▶ Aim of the exercise: Since only a count is wanted, work out how many lines in the material below contain the word "from" and return that number.

---- Dataset records

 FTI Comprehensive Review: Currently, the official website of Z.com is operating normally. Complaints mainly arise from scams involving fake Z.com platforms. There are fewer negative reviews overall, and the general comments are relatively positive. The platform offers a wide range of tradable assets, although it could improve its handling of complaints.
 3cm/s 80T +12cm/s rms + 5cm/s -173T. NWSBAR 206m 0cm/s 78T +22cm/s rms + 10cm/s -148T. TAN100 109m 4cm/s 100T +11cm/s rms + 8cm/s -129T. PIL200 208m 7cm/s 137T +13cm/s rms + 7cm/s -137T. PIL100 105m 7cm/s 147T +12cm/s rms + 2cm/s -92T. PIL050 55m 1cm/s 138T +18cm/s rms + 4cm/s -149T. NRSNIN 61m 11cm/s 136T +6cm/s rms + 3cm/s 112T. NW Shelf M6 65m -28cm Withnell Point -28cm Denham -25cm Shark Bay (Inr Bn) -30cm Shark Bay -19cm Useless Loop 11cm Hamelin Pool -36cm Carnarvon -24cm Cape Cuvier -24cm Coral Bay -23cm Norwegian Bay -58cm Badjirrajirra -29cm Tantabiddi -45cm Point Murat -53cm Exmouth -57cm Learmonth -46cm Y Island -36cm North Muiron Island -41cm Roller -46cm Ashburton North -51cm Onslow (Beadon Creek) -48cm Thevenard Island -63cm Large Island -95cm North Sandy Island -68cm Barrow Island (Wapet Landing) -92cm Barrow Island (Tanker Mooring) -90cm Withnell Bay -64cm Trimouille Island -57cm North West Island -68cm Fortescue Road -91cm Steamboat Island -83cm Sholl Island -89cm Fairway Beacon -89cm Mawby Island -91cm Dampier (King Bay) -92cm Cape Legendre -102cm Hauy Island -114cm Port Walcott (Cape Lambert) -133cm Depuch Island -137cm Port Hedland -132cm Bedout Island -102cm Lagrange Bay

--------
---- Dataset records

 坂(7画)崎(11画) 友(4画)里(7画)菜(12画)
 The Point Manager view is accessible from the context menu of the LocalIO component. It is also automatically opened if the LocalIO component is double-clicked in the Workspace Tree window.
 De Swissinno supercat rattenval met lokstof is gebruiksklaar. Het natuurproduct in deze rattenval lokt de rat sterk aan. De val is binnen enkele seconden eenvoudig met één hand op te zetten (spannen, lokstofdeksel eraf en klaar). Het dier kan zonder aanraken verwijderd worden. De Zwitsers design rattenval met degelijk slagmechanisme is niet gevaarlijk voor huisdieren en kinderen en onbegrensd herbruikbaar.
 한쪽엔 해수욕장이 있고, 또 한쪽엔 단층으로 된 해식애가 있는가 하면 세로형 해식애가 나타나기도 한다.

--------
---- Dataset records

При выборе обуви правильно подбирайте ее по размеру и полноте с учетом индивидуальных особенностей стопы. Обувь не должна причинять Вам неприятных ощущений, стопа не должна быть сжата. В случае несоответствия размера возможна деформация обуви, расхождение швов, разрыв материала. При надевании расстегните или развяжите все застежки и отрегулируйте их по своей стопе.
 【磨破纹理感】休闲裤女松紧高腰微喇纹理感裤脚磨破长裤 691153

--------

▶ Exercise result: 2